About this exercise:
Return nothing but the lines from the one with "- Loods ingedeeld" through the one with "지난 9일에도 변함없이" in the data below, word for word and without pictures.

Supplied records:

*** Block opens ***

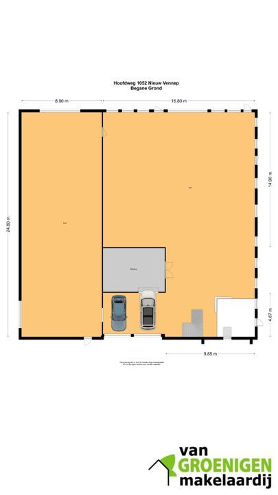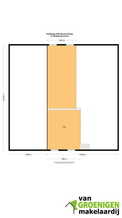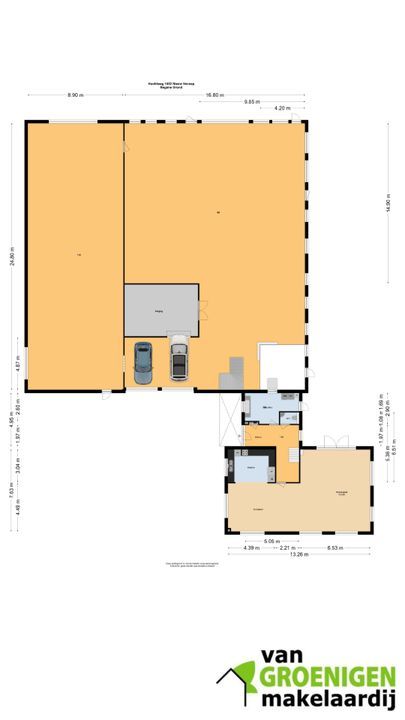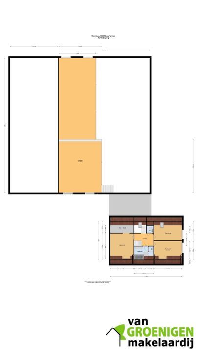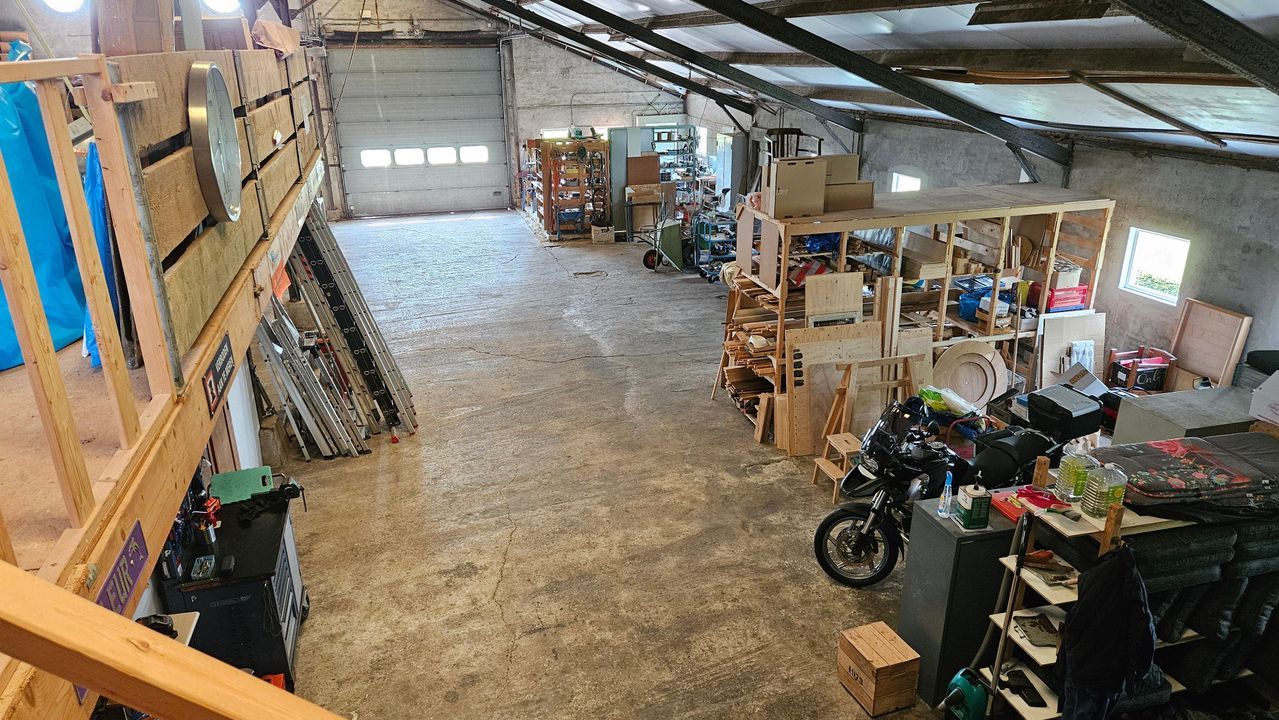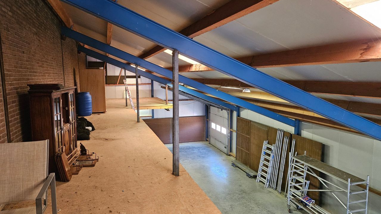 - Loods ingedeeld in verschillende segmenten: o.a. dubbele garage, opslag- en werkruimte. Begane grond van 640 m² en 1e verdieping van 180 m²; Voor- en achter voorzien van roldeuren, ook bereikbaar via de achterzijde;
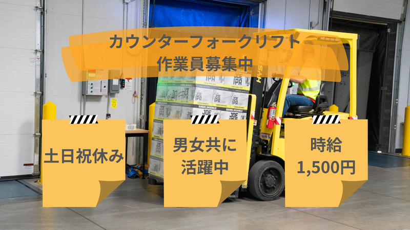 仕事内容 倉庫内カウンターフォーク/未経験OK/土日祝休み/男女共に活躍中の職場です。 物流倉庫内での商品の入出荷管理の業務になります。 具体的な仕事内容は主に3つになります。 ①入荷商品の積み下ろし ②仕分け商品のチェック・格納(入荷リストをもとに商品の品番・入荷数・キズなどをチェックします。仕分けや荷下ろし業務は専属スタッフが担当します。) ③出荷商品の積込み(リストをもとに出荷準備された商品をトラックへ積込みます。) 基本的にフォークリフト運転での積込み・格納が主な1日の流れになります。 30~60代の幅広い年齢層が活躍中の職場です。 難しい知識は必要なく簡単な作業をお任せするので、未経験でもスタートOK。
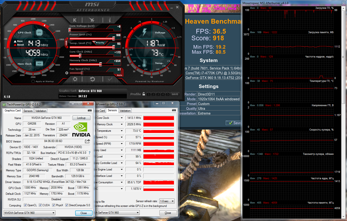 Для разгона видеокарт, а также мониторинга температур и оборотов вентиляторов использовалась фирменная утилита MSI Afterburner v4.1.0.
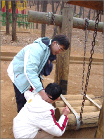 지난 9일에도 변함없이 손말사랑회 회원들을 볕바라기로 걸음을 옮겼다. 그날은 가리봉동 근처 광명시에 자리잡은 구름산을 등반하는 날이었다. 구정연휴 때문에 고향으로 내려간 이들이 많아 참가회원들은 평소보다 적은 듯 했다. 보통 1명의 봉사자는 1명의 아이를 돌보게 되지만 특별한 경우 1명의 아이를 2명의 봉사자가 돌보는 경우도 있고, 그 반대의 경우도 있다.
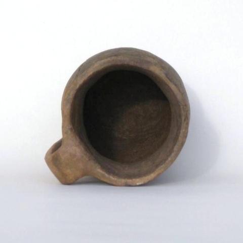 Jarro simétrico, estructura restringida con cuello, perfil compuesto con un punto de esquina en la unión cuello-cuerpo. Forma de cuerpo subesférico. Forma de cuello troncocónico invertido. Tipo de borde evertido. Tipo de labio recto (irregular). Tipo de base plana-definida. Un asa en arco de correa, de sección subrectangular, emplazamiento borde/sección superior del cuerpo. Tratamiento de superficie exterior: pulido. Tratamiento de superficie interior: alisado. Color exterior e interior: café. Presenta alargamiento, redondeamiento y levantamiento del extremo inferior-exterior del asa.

*** Block closes ***
*** Block opens ***

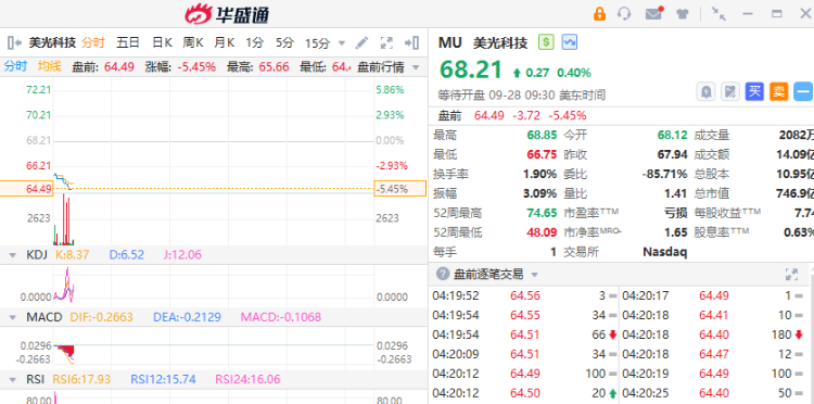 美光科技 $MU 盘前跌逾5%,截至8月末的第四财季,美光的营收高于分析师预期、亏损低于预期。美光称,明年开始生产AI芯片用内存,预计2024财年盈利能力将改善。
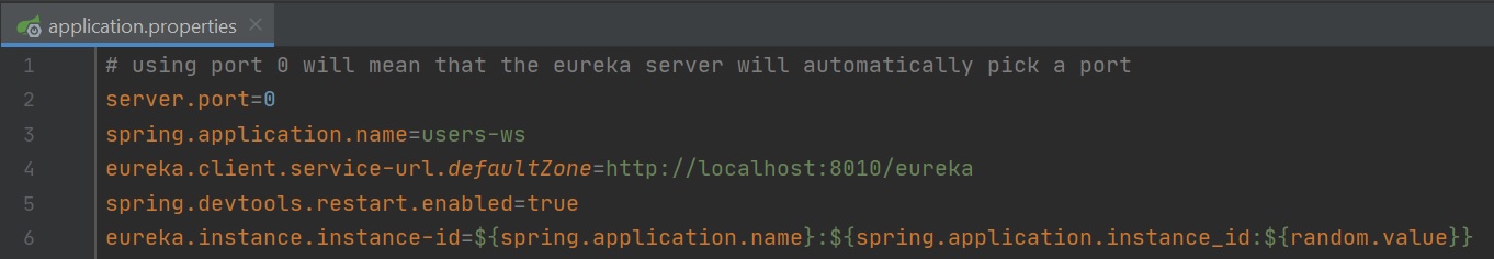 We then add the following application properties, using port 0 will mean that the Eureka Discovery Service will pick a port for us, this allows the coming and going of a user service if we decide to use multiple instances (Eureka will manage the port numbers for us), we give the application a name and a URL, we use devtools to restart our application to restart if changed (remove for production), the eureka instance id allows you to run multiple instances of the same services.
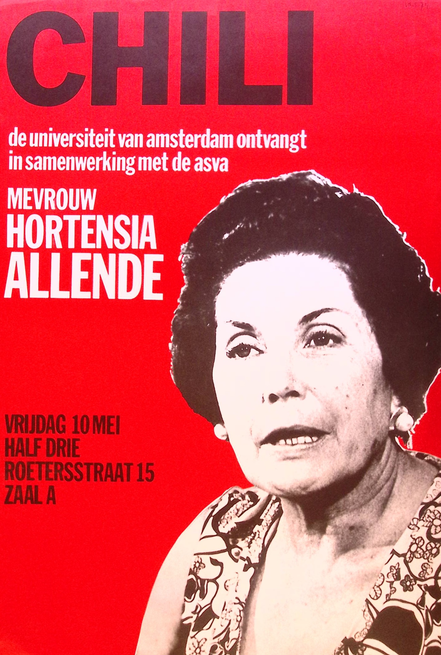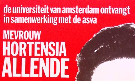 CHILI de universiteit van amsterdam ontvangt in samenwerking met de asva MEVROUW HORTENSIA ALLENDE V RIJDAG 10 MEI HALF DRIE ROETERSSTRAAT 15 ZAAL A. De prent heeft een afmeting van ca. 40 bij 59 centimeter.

*** Block closes ***

Result for this task:
 - Loods ingedeeld in verschillende segmenten: o.a. dubbele garage, opslag- en werkruimte. Begane grond van 640 m² en 1e verdieping van 180 m²; Voor- en achter voorzien van roldeuren, ook bereikbaar via de achterzijde;
 仕事内容 倉庫内カウンターフォーク/未経験OK/土日祝休み/男女共に活躍中の職場です。 物流倉庫内での商品の入出荷管理の業務になります。 具体的な仕事内容は主に3つになります。 ①入荷商品の積み下ろし ②仕分け商品のチェック・格納(入荷リストをもとに商品の品番・入荷数・キズなどをチェックします。仕分けや荷下ろし業務は専属スタッフが担当します。) ③出荷商品の積込み(リストをもとに出荷準備された商品をトラックへ積込みます。) 基本的にフォークリフト運転での積込み・格納が主な1日の流れになります。 30~60代の幅広い年齢層が活躍中の職場です。 難しい知識は必要なく簡単な作業をお任せするので、未経験でもスタートOK。
 Для разгона видеокарт, а также мониторинга температур и оборотов вентиляторов использовалась фирменная утилита MSI Afterburner v4.1.0.
 지난 9일에도 변함없이 손말사랑회 회원들을 볕바라기로 걸음을 옮겼다. 그날은 가리봉동 근처 광명시에 자리잡은 구름산을 등반하는 날이었다. 구정연휴 때문에 고향으로 내려간 이들이 많아 참가회원들은 평소보다 적은 듯 했다. 보통 1명의 봉사자는 1명의 아이를 돌보게 되지만 특별한 경우 1명의 아이를 2명의 봉사자가 돌보는 경우도 있고, 그 반대의 경우도 있다.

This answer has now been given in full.